Juvenile open-angle Glaucoma associated with Leber's hereditary optic neuropathy: a case report and literature review

Abstract

Background: Leber's hereditary optic neuropathy (LHON) is a maternally inherited recessive disease rarely complicated with glaucoma. We conducted a clinical and genetic retrospective case series to describe three cases of juvenile open-angle glaucoma (JOAG) and an ND4 m11778G > A mitochondrial DNA (mtDNA) mutation, which is pathognomonic for LHON.

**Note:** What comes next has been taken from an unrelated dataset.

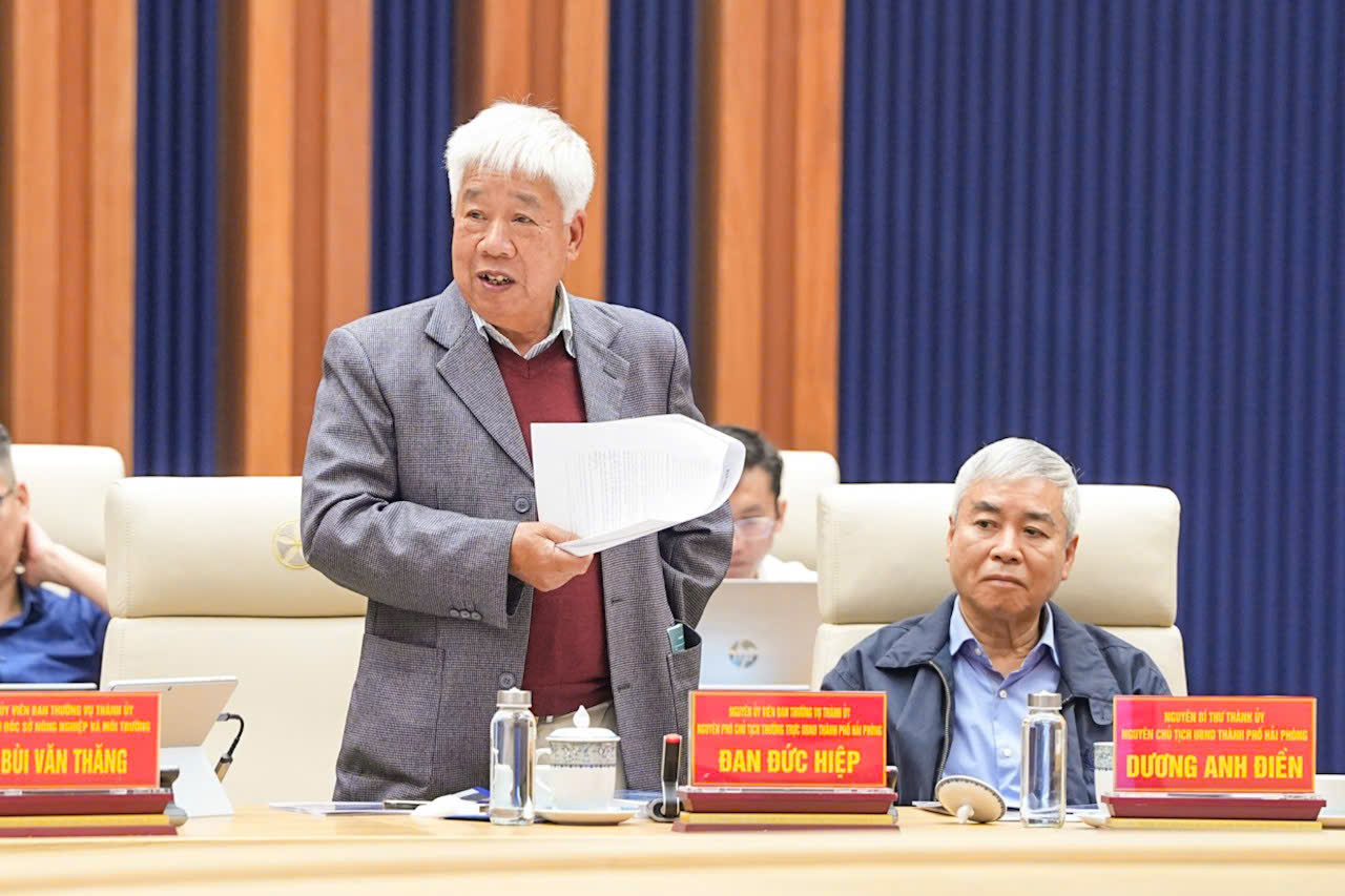 Đồng chí Dương Anh Điền, nguyên Bí thư Thành ủy, nguyên Chủ tịch UBND thành phố đóng góp ý kiến tại cuộc họp.Tại cuộc họp, các đại biểu đã đóng góp nhiều ý kiến xoay quanh phương pháp tiếp cận, mục tiêu, nguyên tắc và căn cứ pháp lý trong điều chỉnh quy hoạch thành phố. Nhiều ý kiến nhấn mạnh quan điểm phát triển của Hải Phòng phải bám sát định hướng, chủ trương của Đảng, Nhà nước và phù hợp với các quy hoạch cấp trên; bảo đảm sự đồng bộ với tầm nhìn phát triển đất nước, các chiến lược quốc gia, Quy hoạch vùng Đồng bằng sông Hồng thời kỳ 2021–2030, tầm nhìn đến năm 2050, cũng như Nghị quyết Đại hội Đảng bộ thành phố nhiệm kỳ 2025–2030 và các Luật mới được Quốc hội thông qua tại Kỳ họp thứ 10.

Case presentation: Patient 1 was a 16-year-old boy diagnosed with bilateral JOAG and high myopia. His intraocular pressure (IOP) was poorly controlled with the use of full topical anti-glaucoma medications. His best-corrected visual acuity (BCVA) decreased gradually over 5 years. Fundoscopic examination revealed bilateral enlarged disc cupping of the optic nerves with sectorial excavation and reduction of the neural rim in the left eye. His visual field (VF) was characterized by bilateral progressive central scotoma. Pattern visual evoked potentials (VEPs) and pattern electroretinograms (ERGs) showed extinguished responses in both eyes. Because of the non-specific visual field findings and the optic neuropathy disclosed by the pattern VEPs and pattern ERGs, we arranged a genetic test for the patient, which revealed an m11778G > A mtDNA mutation. Patient 2, the younger brother of Patient 1, was a 15-year-old boy who had been diagnosed with bilateral JOAG in 2010. The BCVA of both eyes remained at 1.0 during the follow-up period. Fundoscopic examination revealed bilateral mildly paled optic disc with enlarged cupping and reduction of the neural rim. The pattern ERG revealed a decreased N95 amplitude bilaterally. The genetic test revealed an m11778G > A mtDNA mutation. Patient 3 was a 35-year-old man with bilateral JOAG. His BCVA decreased gradually over 10 years. Fundoscopic examination revealed paled optic disc with enlarged disc cupping and reduction of the neural rim in both eyes. The pattern ERG revealed a decreased N95 amplitude bilaterally. The genetic test revealed an m11778G > A mtDNA mutation.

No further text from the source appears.